Wednesday, 10 February 2010

A man should not have been prosecuted for asking a woman for sex in a Nottingham red light district, a High Court judge has ruled.

The man was arrested for a public nuisance offence by an undercover police officer, in Mapperley Road.

The case, from July 2008, had been thrown out by magistrates previously, but prosecutors tried to reopen it.

At the High Court earlier, Lord Justice Elias criticised prosecutors for trying to criminalise lawful conduct.

‘Quite hopeless’

The police sting operation took place after complaints from Mapperley residents about the impact of prostitution in the area.

A police officer posed as “Sarah”, a prostitute, and agreed a price for sex with the man after he approached her.
Magistrates cleared him of any offence, ruling he had done nothing wrong.

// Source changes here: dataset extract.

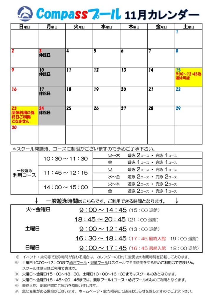 いつもCompassプールをご利用頂き誠にありがとうございます。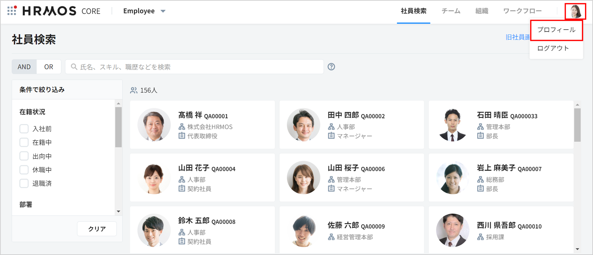 1. HRMOSにログインし、Employee(社員画面)にて、右上プロフィール画像より「プロフィール」タブをクリックします。

But the Director of Public Prosecutions tried to re-open the case in the High Court.

However, Lord Justice Elias said the attempt was “quite hopeless” and upheld the ruling a single incident of asking a woman for sex in a known red light district could not amount to a nuisance.

He added “a single, otherwise lawful, act” does not become a criminal offence just because other people are carrying out “similar, otherwise lawful, activity” in the same area.

Observing prosecuting authorities were using “wholly artificial” concepts to criminalise lawful conduct which they considered to be “reprehensible”, Lord Justice Elias urged all courts to have “no truck with it”.